**Task item**
Could you print exactly the lines of the listing below, starting at the line that has "Антон Чехов и Лев Толстой. 1901" and ending at the line that has "июля 2012 года", and only those lines?

**Data section**
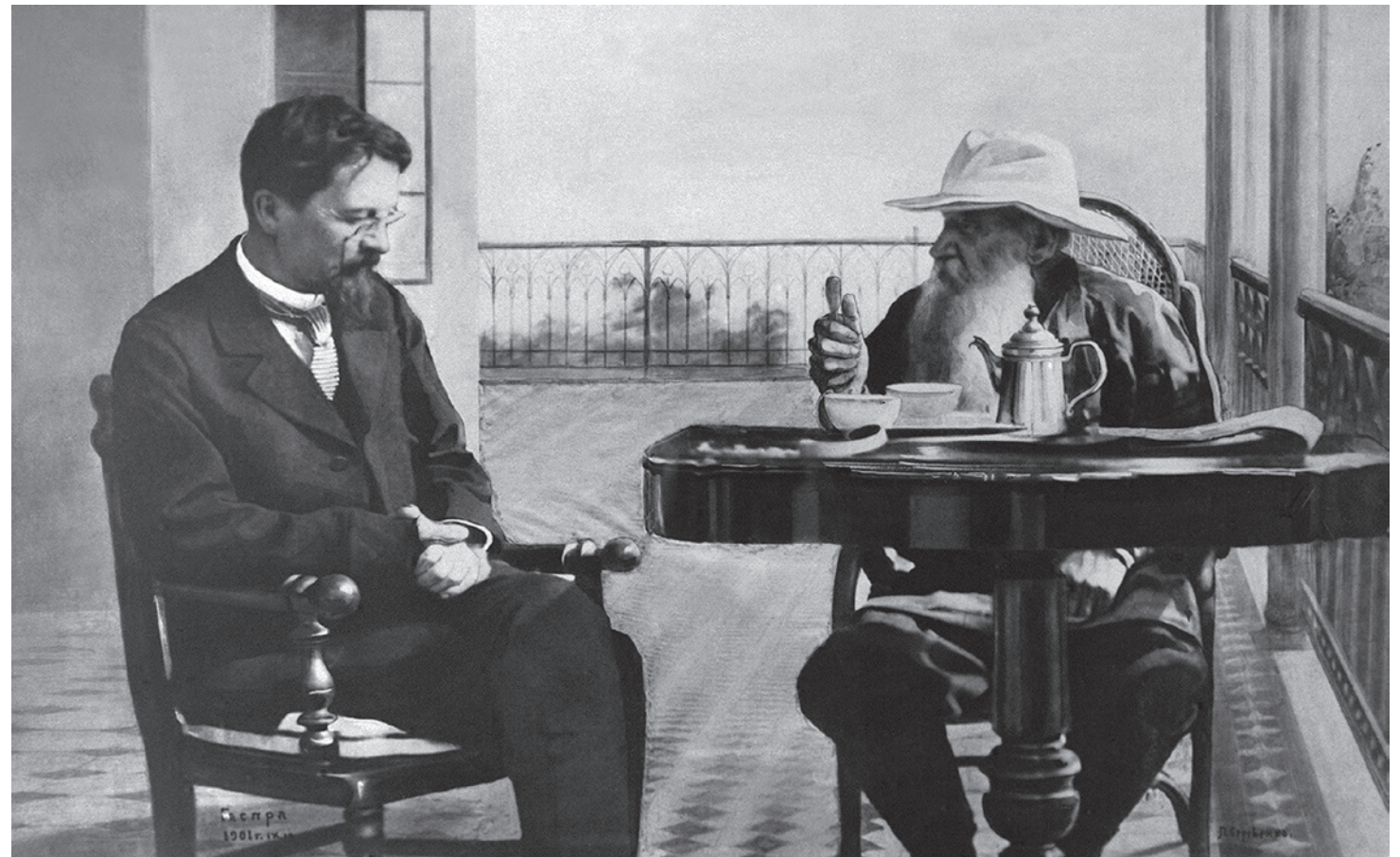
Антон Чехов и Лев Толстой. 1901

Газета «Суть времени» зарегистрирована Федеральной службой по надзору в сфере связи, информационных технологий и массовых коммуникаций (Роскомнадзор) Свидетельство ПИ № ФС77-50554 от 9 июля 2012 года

==

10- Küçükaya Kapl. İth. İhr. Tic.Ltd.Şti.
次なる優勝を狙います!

**Response to the exercise**
Антон Чехов и Лев Толстой. 1901

Газета «Суть времени» зарегистрирована Федеральной службой по надзору в сфере связи, информационных технологий и массовых коммуникаций (Роскомнадзор) Свидетельство ПИ № ФС77-50554 от 9 июля 2012 года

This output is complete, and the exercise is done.